Uranüs uyduları:
Voyager
uzay sondasının ziyaretinden önce bilinen beş uydunun da yüzeyinde su buzu
olduğu, Yer yüzünden yapılan tayfsal çalışmalardan anlaşılmıştır.
Elektromanyetik tayfın kırmızıötesi bölgesine düşen su buzuna ait çizgiler,
Umbriel'de daha az belirgindir ve bu uyduda su buzunun, ya başka bileşiklerle
beraber ya da yüzeyinin çok az bir bölümünü kapladığı şeklinde yorumlanmaktadır.
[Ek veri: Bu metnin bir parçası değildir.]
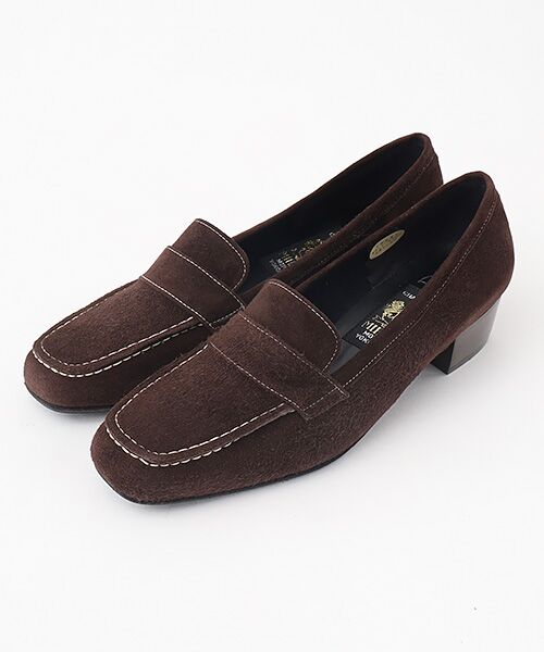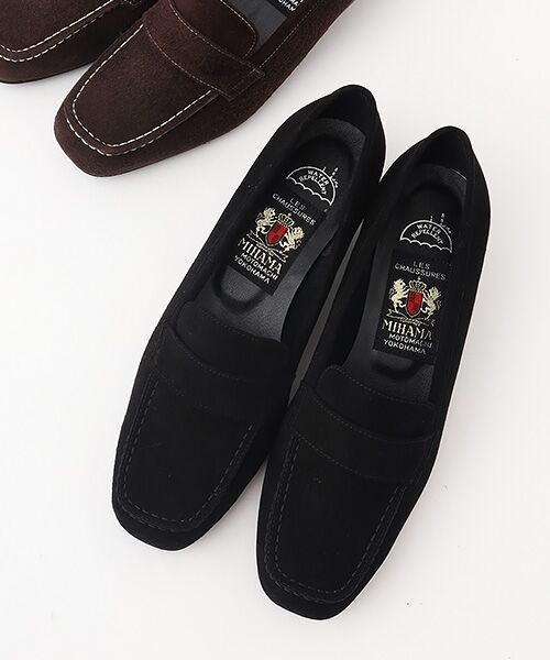 ローファ-調のシンプルなカジュアルパンプス。撥水牛スエードを使用しており、急な雨にも対応できます。

İçlerinde en büyük olanı Titania'dır. Beş uydu içinde en küçüğü ise 160 km ile
Miranda'dır. Uydular, yarı yarıya buz ve kayalık materyalden oluşur ve bu
nedenle de yoğunlukları 1.5 ve 2 gr/cm3 arasındadır. Hiç birinin
atmosferi yoktur. Beş uydunun da yörüngeleri aynı bir düzlem içindedir ve bu
düzlem, gezegenin ekvator düzlemine yakındır. Ana gezegene yakınlıkları göz
önüne alındığında, uyduların uzaydan yakalanmış cisimler olmadığı anlaşılır.
Uranüs'ün ince halkası da aynı düzlemdedir.
Voyager 2, Uranüs'ün 10 yeni
uydusunu buldu. Bunların tümü, daha önce Yer’den keşfedilmiş 5 uydudan daha iç
bölgelerde, yani Uranüs’e daha yakındır. Ayrıca yeni bulunan bu 10 uydunun
tamamının, daha önce bulunan 5 uydudan daha küçük ve daha karanlık oldukları
anlaşıldı. Uranüs'ün beş büyük uydusu; Titanya, Oberon, Umbriel, Ariel ve
Miranda'nın Voyager 2 den çekilen fotograflarında, yüzeylerinin çatlaklarla
örtülü olduğu görülmüştür. Bu ise bize, bu küçük uydularda beklenmeyen tektonik
etkinliğin var olduğunu göstermektedir. Tektonik hareket bilindiği gibi gezegen
kabuğundaki hareketlerdir ve sadece büyük gezegenlerde gözlenebilir. Bu
harekete, iç ısının, konveksiyon ile yukarı doğru aktarımı neden olur. Uranüs
uydularında, belki tedirginlik kuvvetleri belki de çarpışma sonucu ortaya çıkan
kuvvetler yüzeyde etkinliğini sürdürmektedir.
Şekil 3.42: Uranüs’ün beş büyük
uydusunun fotoğrafı görülmektedir. Umbriel, üste parlak gözüken krater hariç
genelde karanlık gözükür. Titania, Uranüs’ün en büyük uydusudur ve üstünde
görülen nehir yatağına benzer vadinin uzunluğu 1500 km kadardır. Oberon’nun
yüzeyinde ise bol miktarda krater vardır.